Data and Tools‎ > ‎



This tool aims to match any given query metagraph (i.e., to compute the instances of the metagraph) over a large input graph. For the definition and examples of metagraphs, refer to the citation below. Currently, the tool only works on undirected graphs, where nodes are typed, and edges are untyped (or rather, edge type is a function of the two node types).


Y. Fang, W. Lin, V. W. Zheng, M. Wu, K. C.-C. Chang and X. Li. Semantic Proximity Search on Graphs with Metagraph-based Learning. In ICDE 2016, pp. 277--288. [PDF] [BibTex]

Code Download

Module Requirement Comment Link
Operating System Windows nil nil
Runtime DLL MinGW Only the following DLLs are needed:
libgcc-4.5.2-1-mingw32-dll-1 libstdc++-4.5.2-1-mingw32-dll-6
Downloading newer versions may not work. Extract the two DLLs into the same directory as SubMatch.exe or any directory in PATH environment.

Main Program SubMatch Code author: Wenqing Lin.
Sample data are also included in the download.



SubMatch.exe mode=2 data=<String> query=<String> maxfreq=<Integer> subgraph=<String> stats=<String>

The input graph filename. The file is in the Labeled Graph Format.

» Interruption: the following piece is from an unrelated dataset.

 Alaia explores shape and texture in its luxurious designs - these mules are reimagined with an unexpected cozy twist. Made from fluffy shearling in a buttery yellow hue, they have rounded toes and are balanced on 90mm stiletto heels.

The graph is treated as undirected, and edge types are not considered at the moment.

The input filename for a list of query metagraphs, in the Metagraph Query Format. These query metagraphs can be mined from the input graph using a modified version of GRAMI.

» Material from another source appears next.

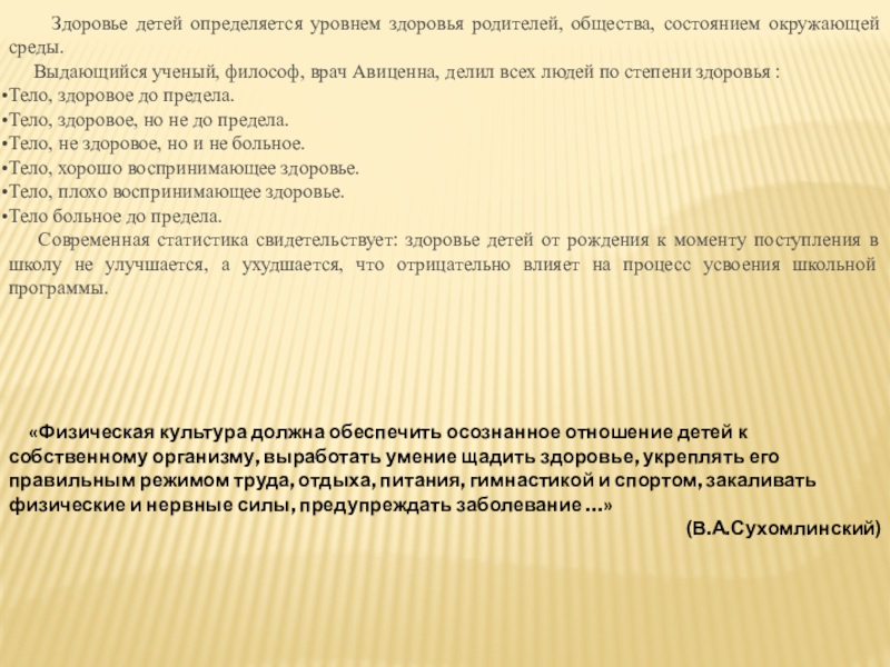 «Физическая культура должна обеспечить осознанное отношение детей к собственному организму, выработать умение щадить здоровье, укреплять его правильным режимом труда, отдыха, питания, гимнастикой и спортом, закаливать физические и нервные силы, предупреждать заболевание …»

The maximum number of instances to match, for each query metagraph. The program immediately moves on to the next query after the specified maximum number of instances are found.

The filename to output the metagraph database, which contains a list of processed metagraphs. The file is in the Metagraph Database Format.

The directory name to output matched instances of each metagraph.
  • One instance file per metagraph.
  • Instance filenames are named according to the ID of each processed metagraph (see subgraph).
  • Each line in an instance file representing one instance, containing tab delimited NodeID's of the input graph, in the order according to the order of nodes in the processed metagraph (see subgraph).

Sample Data 

Sample data of two input graphs and their correponding metagraph queries are included, which are also used in our citation above. They are derived from SNAP's Facebook data and Forward's LinkedIn data.


We provide any code and/or data on an as-is basis. Use at your own risk.